Exercise requirements: Under this line sits a listing. Repeat exactly and only its lines from the one holding "Lola just came" through the one holding "Beachcomber cottage is"; skip pictures.

** Opening Data to process block **

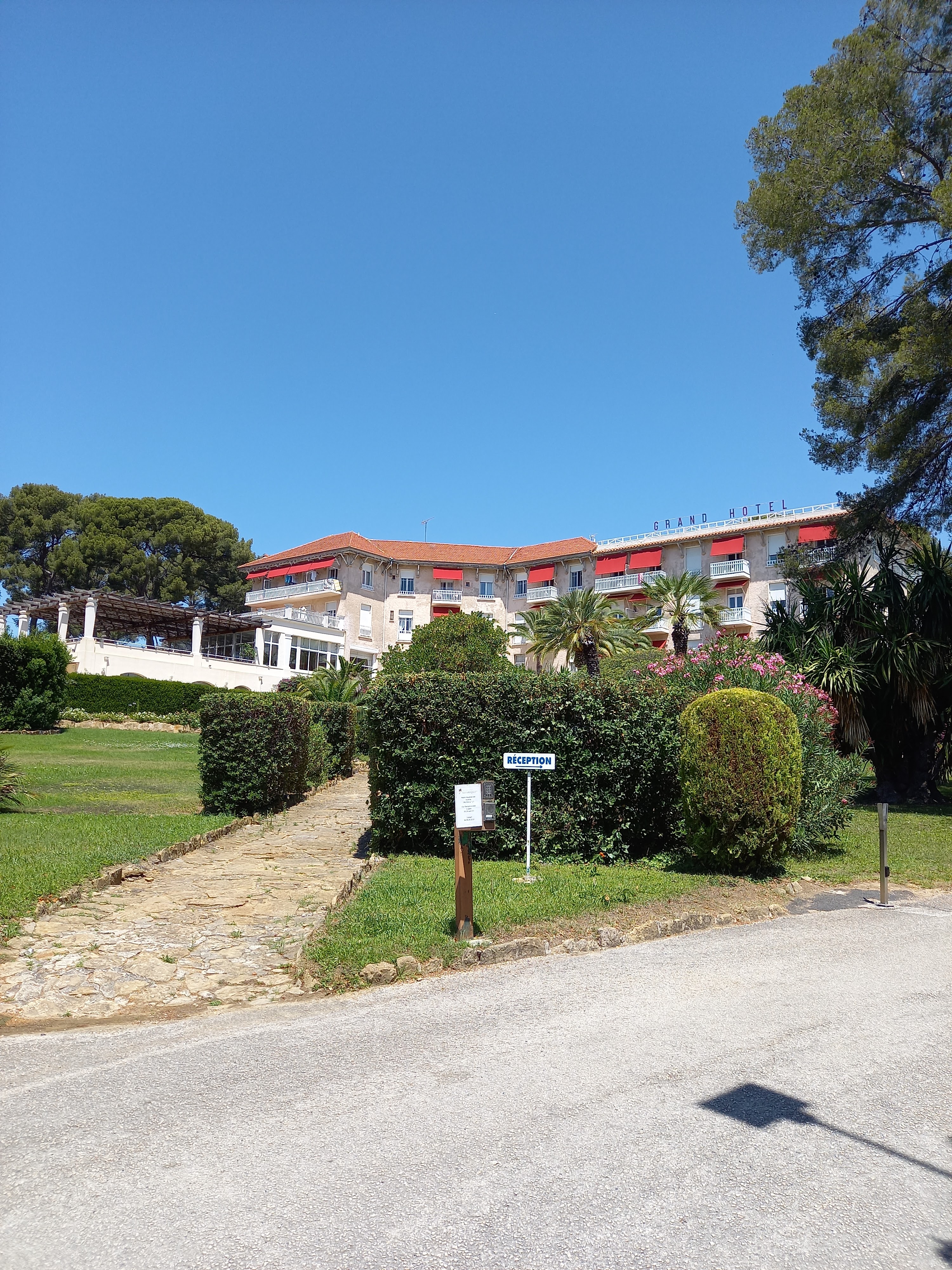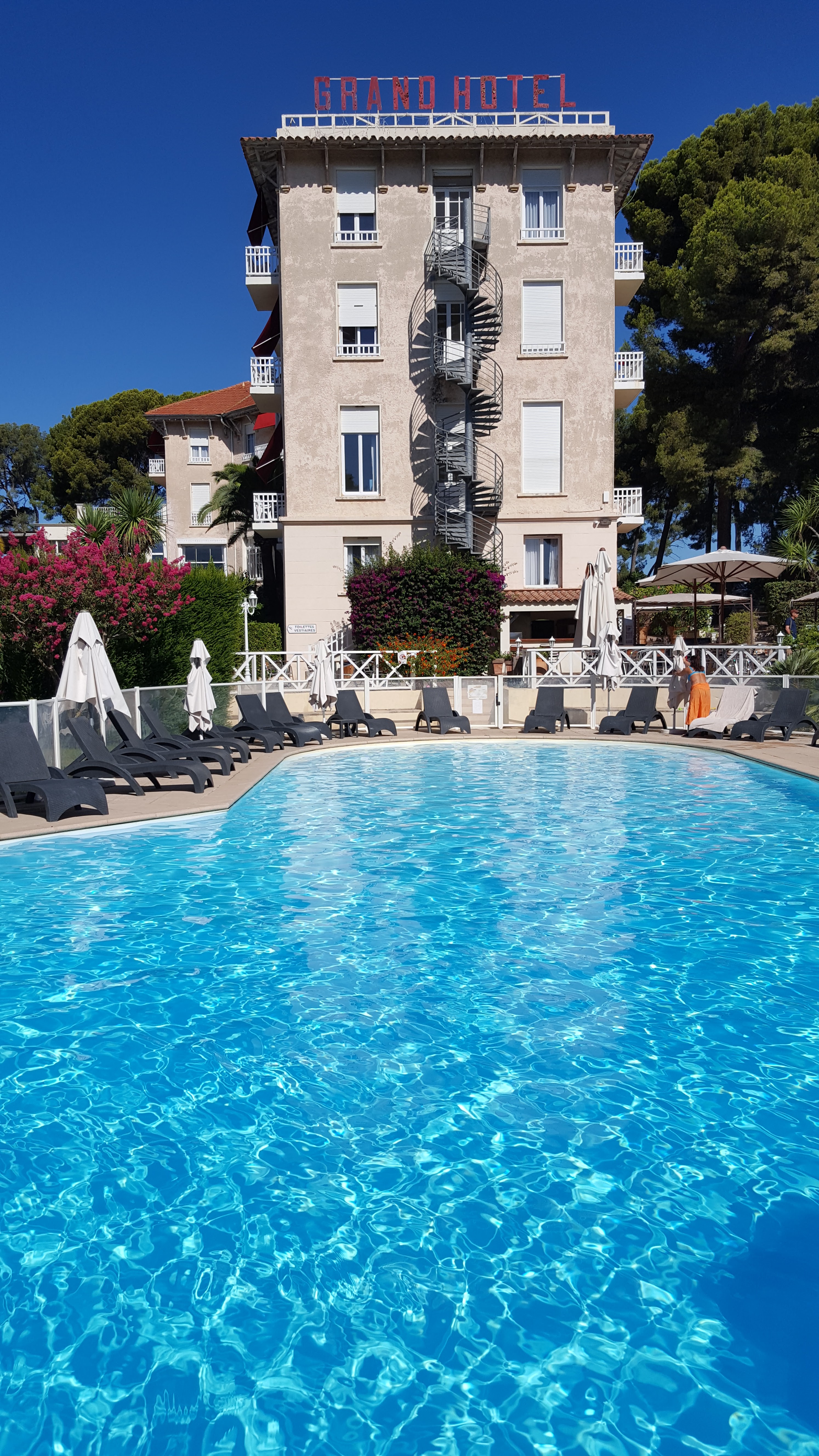 Le charme du grand hôtel, ce je ne sais quoi qui nous déconnecte du temps, mérite bien que l'on s'y attache, et que l'on ait envie d'y revenir... Nous aimons nous y retrouver avant les grands bain de foule de l'été, la vue de notre chambre dominant la mer. C'est dans un décor entretenu, soignée dans la chambre mais parfois vieillot, décalé de nos gouts contemporains, et combien différent des établissements voisins, que notre regard plonge sur le magnifique parc entourant le bâtiment principal. L'accès parking se fait naturellement sous les pins aux troncs bien droits, les racines sortant du sol par endroit. Une terrasse se prolonge par une piscine de taille assez belle mais qui n'est pas très tendance. Les transats sont réservés par des clients un chouia égoïste... en bref nous adorons cet établissement et l'excellente cuisine qui est proposée le soir. Le restaurant est magnifique, au carrelage ancien et baies vitrées datants, le décor fait voyager, l'ambiance est juste à apprécier, ce qui est unique à mon sens. La formule demi pension est super car le petit déjeuner est très copieux. Nous avons appris que l'établissement allait être entièrement rénové, et cela pendant de nombreux mois. Il va s'en dire que le luxe va être un atout supplémentaire, quant au charme, je l'espère, sera conservé de bien des manières, des beaux objets seront gardés, la mémoire du passé sera sublimé, je l'espère.
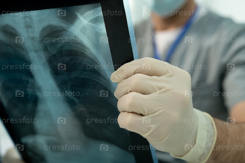 Врач анализирует рентгеновское изображение легких
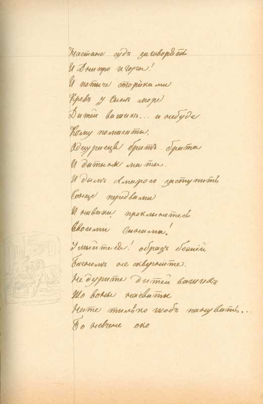 Альбом Тараса Шевченка «Три літа». С. 151 – продовження поеми «І мертвим, і живим…» з рядка «Настане суд, заговорять…» |
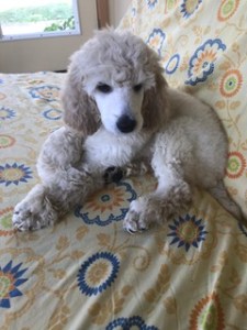 Lola just came from the vet, everything is just fine . The vet kept commenting on how big she was. He said he has seen tall standards but they are fine boned with long skinny bodies and legs. He feels she is going to be an exceptionally big solid girl. She weighed 19 pounds, maybe a pinch more. I had a hard time keeping her on the scale once she spotted the other dogs. She is still doing wonderful and has a strong bond with the boys. I will send pictures in a few weeks so you can see how much she is changing.
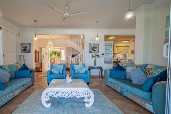 Well loved Mediterranean family home, built to owners specification with a paradisaic ambiance. This home offers well sized living areas with formal and casual living, covered patio stretching the length of the front of the house over looking the garden, swimming pool and magnificent sea views. Four bedrooms (all with BICS and main bedroom offering dressing room) and study. Country style open plan fitted kitchen with granite counters, gas hob & oven and scullery.
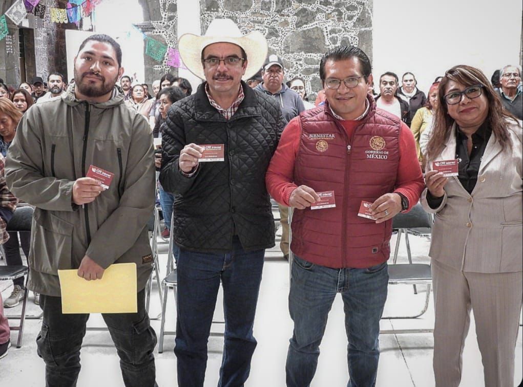 Durante el evento el Delegado del Bienestar en Tlaxcala Carlos Luna Vázquez y el Presidente Municipal David Vega Terrazas entregaron de manera simbólica SIM CFE a beneficiarios de la demarcación.
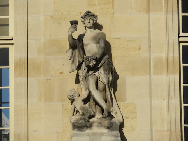 Bacchus semble nous dire » à votre Santé « , sur la façade de l’hôtel de Soubise, quartier du Marais, 3e.
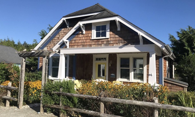 Beachcomber cottage is one of the most unique homes in Seabrook. With its spacious vaulted ceilings, a large, private back deck overlooking expansive forest views, a loft perfect for kids and a primary bedroom with a California-king size bed on the main floor, it provides guests with an understated luxury and comfortable relaxation away from home. With 2 bedrooms, 2 baths, and the kids' loft with two twin beds, Beachcomber comfortably sleeps six guests.
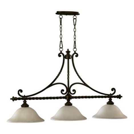 Crafted in the tradition of Old-World European design, the Alameda family recalls the romance of centuries-old architectural detailing. Scrolling, rope-wound arms add a touch of femininity to the rustic creation, and soft, ethereal light radiates from the waxy pillar candle-style light source. The oiled bronze ironwork contrasts with the ivory hue of the pillar candles to create rich depth and a warm sensory experience.Requires 3 100W medium base bulbs (Not Included) Includes 8′ Chain Includes 10′ Lead WireBulb Type: Incandescent Category Group: Island Pool Table Category Sub Group: Island Lights Collection: Alameda Finish: Oiled Bronze Height: 26.00 Length: 46.00 Light Direction: Down Lighting Number of Lights: 3 Shade: Amber Scavo Glass Socket 1 Base: Medium Socket 1 Max Wattage: 100 Socket1 Max Wattage: 100 Socket1 Number Of Bulbs: 3 Style: Transitional Suggested Room Fit: Game Room, Kitchen Type: Island Lights Usage: Interior Voltage: 110 – 120 Watts Per Bulb: 100 Weight: 23.80 Width: 13.00
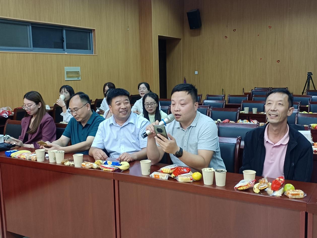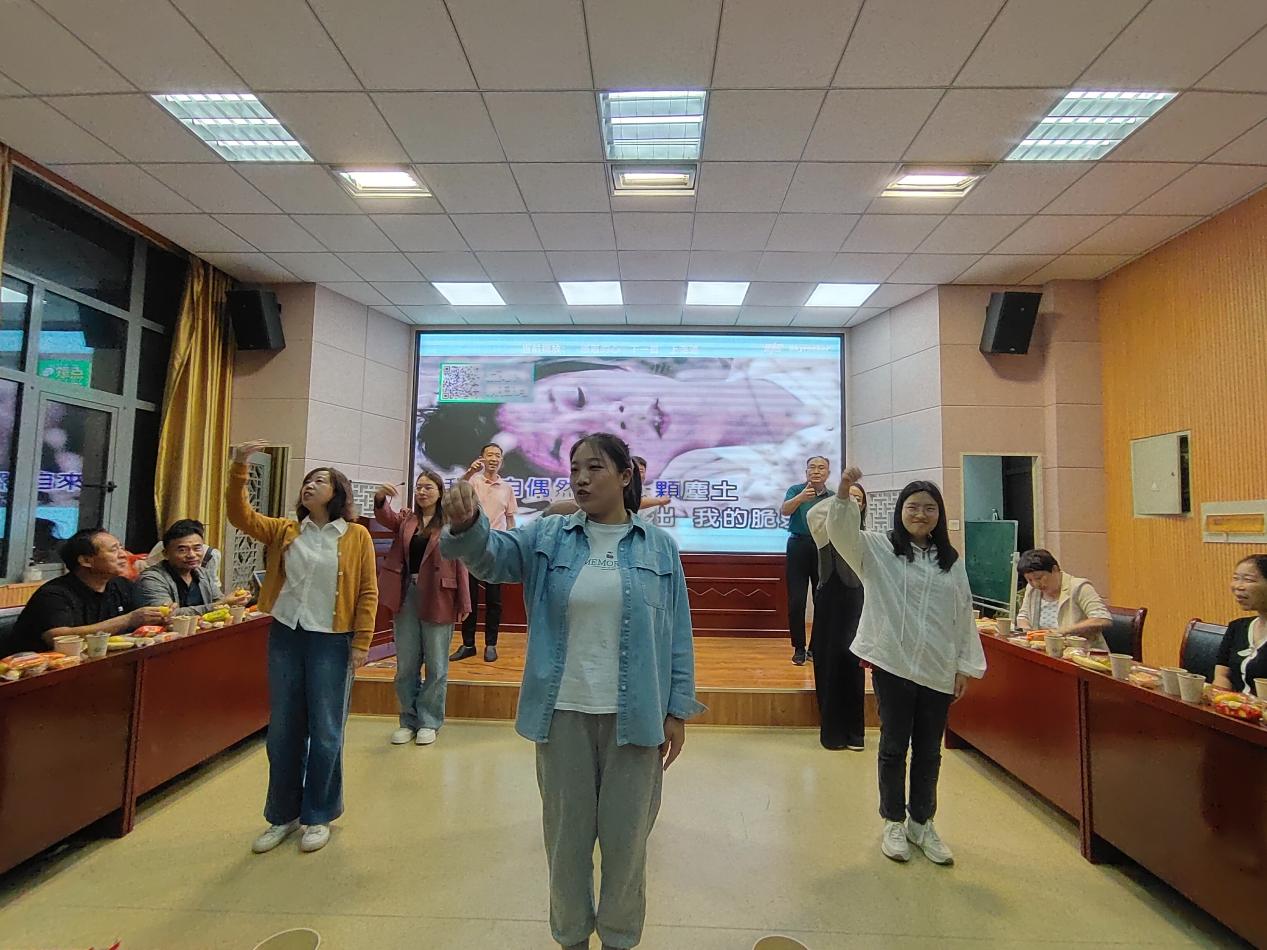 9月21日晚,“国培计划(2023)”省级骨干教师初中语文研修班文娱晚会在综合楼605室顺利举行。晚会由文娱班长刘永恒主持,培训学员、班主任及学生助理欢聚一堂,共同参与并观看此次晚会。
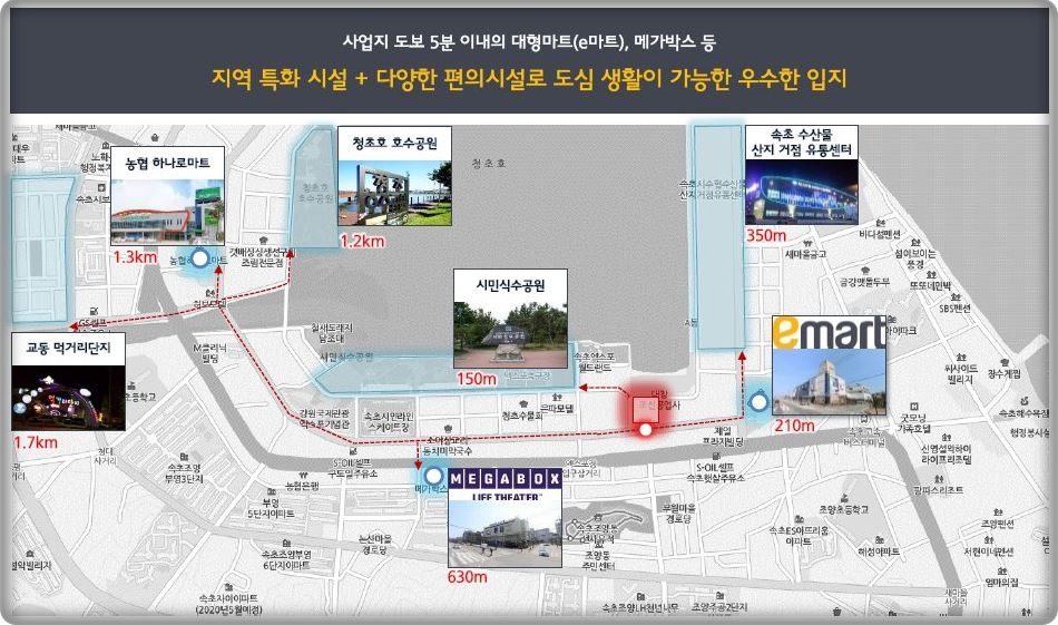 ★★★ 도보 가능거리 이마트, 메가박스, 속초로데오 거리, 속초관광수산시장 등 생활 인프라 우수
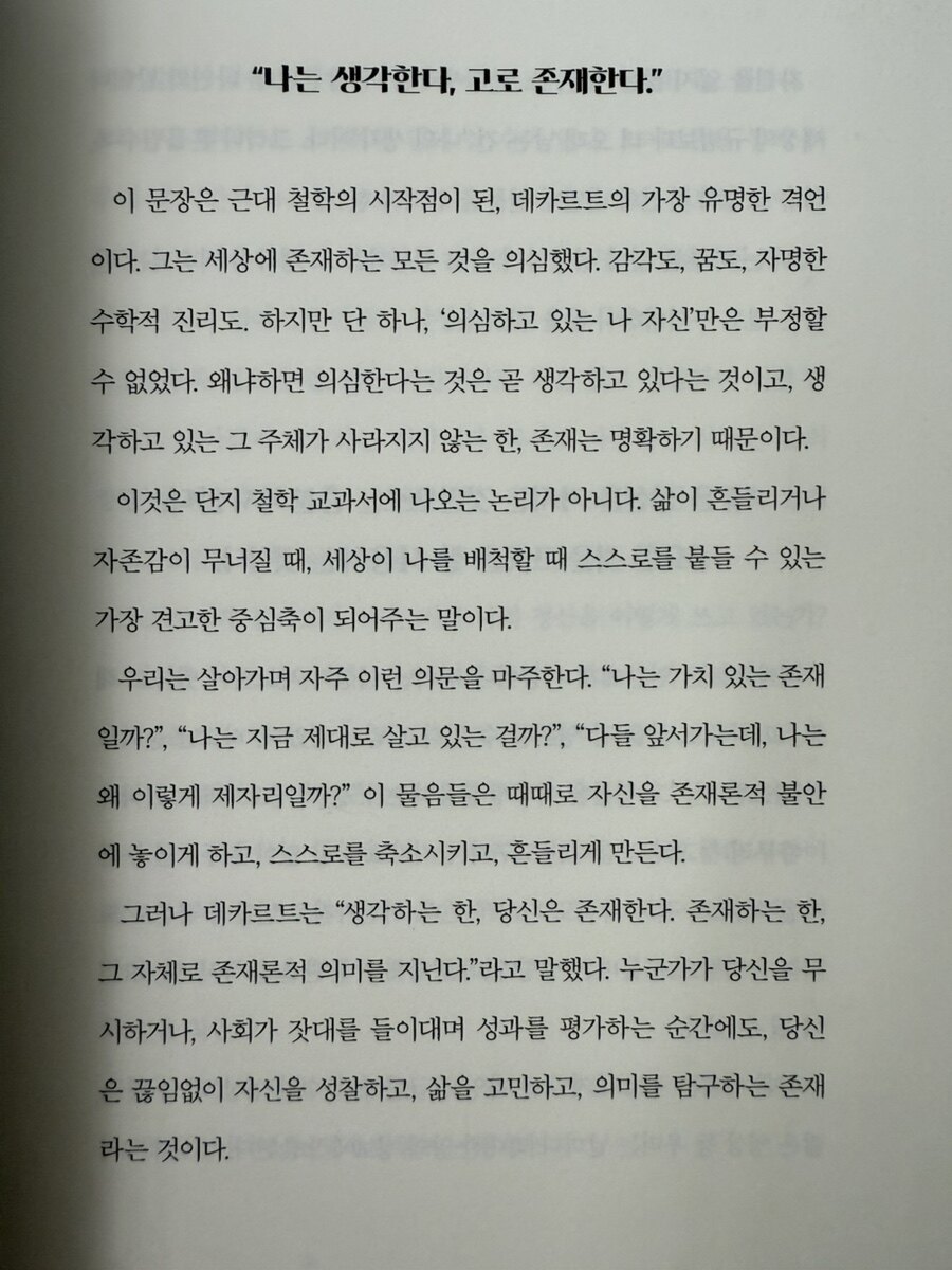 데카르트의 "나는 생각한다, 고로 존재한다"는 논리적 명제만이 아니다. 이는 모든 인간이 자신의 존재 의미를 스스로 확인해야 한다는 철학적 선언이다. 현대를 살아가는 우리에게 이 말이 주는 의미는 더욱 깊다. 끊임없이 변화하는 사회 속에서 우리는 자주 자신을 잃어버린다. SNS의 완벽해 보이는 타인의 삶과 비교하며 자존감을 잃고, 성과 중심의 사회에서 자신의 가치를 의심한다. 이때 필요한 것이 바로 철학적 성찰이다. 나의 존재 자체가 이미 충분한 가치를 지니고 있으며, 타인의 기준이 아닌 나만의 기준으로 삶을 평가해야 한다는 깨달음 말이다. 철학은 우리에게 존재론적 확신을 준다. 아무리 세상이 나를 평가절하해도, 내가 사유하고 성찰하는 한, 그 자체로 의미 있는 존재라는 사실을 일깨워준다. 이런 철학적 토대 없이는 외부의 평가에 일희일비하며 흔들리는 삶을 살 수밖에 없다.
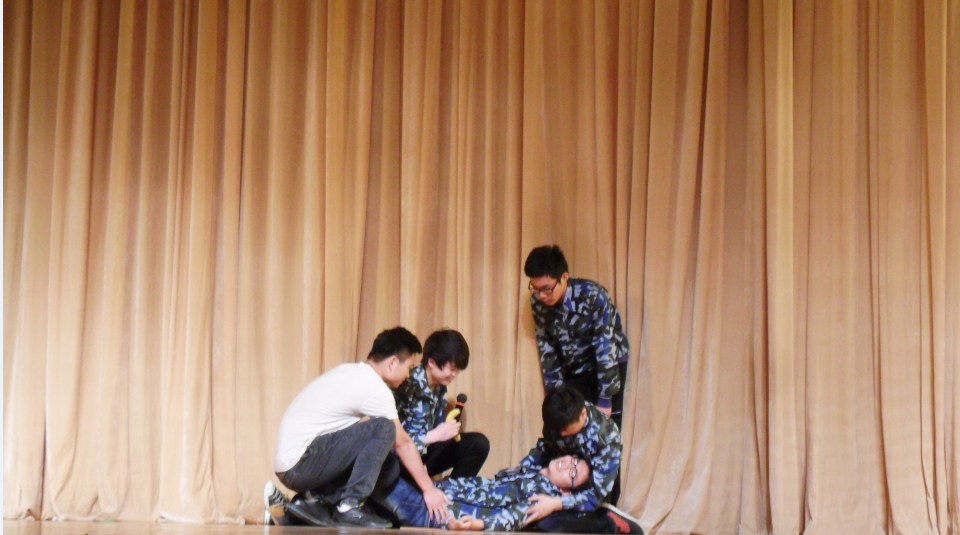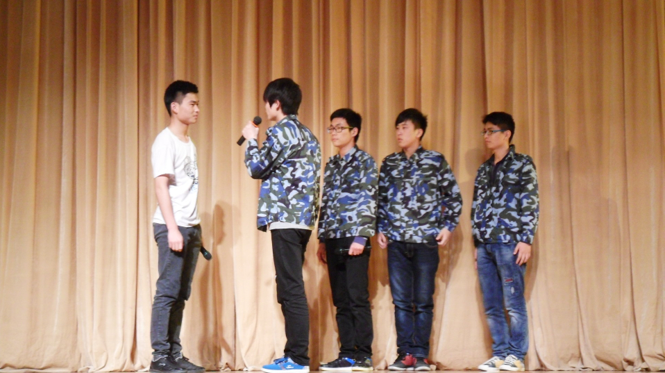 比赛时,演员们精彩用心的表演、绚丽的灯光和音效以及每个剧所要传达的深刻涵义,都给观众与评委留下了深刻映像。本系的演员们精彩的表演了“鸡蛋饼的故事”,赢得了观众的阵阵掌声及欢呼声。
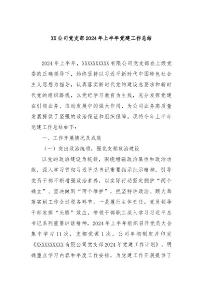 / 【七哥公文】2024年:XX公司党支部2024年上半年党建工作总结+更多免费公文+VX:QiGeGongWen2024

** Closing Data to process block **

Exercise answer:
 Lola just came from the vet, everything is just fine . The vet kept commenting on how big she was. He said he has seen tall standards but they are fine boned with long skinny bodies and legs. He feels she is going to be an exceptionally big solid girl. She weighed 19 pounds, maybe a pinch more. I had a hard time keeping her on the scale once she spotted the other dogs. She is still doing wonderful and has a strong bond with the boys. I will send pictures in a few weeks so you can see how much she is changing.
 Well loved Mediterranean family home, built to owners specification with a paradisaic ambiance. This home offers well sized living areas with formal and casual living, covered patio stretching the length of the front of the house over looking the garden, swimming pool and magnificent sea views. Four bedrooms (all with BICS and main bedroom offering dressing room) and study. Country style open plan fitted kitchen with granite counters, gas hob & oven and scullery.
 Durante el evento el Delegado del Bienestar en Tlaxcala Carlos Luna Vázquez y el Presidente Municipal David Vega Terrazas entregaron de manera simbólica SIM CFE a beneficiarios de la demarcación.
 Bacchus semble nous dire » à votre Santé « , sur la façade de l’hôtel de Soubise, quartier du Marais, 3e.
 Beachcomber cottage is one of the most unique homes in Seabrook. With its spacious vaulted ceilings, a large, private back deck overlooking expansive forest views, a loft perfect for kids and a primary bedroom with a California-king size bed on the main floor, it provides guests with an understated luxury and comfortable relaxation away from home. With 2 bedrooms, 2 baths, and the kids' loft with two twin beds, Beachcomber comfortably sleeps six guests.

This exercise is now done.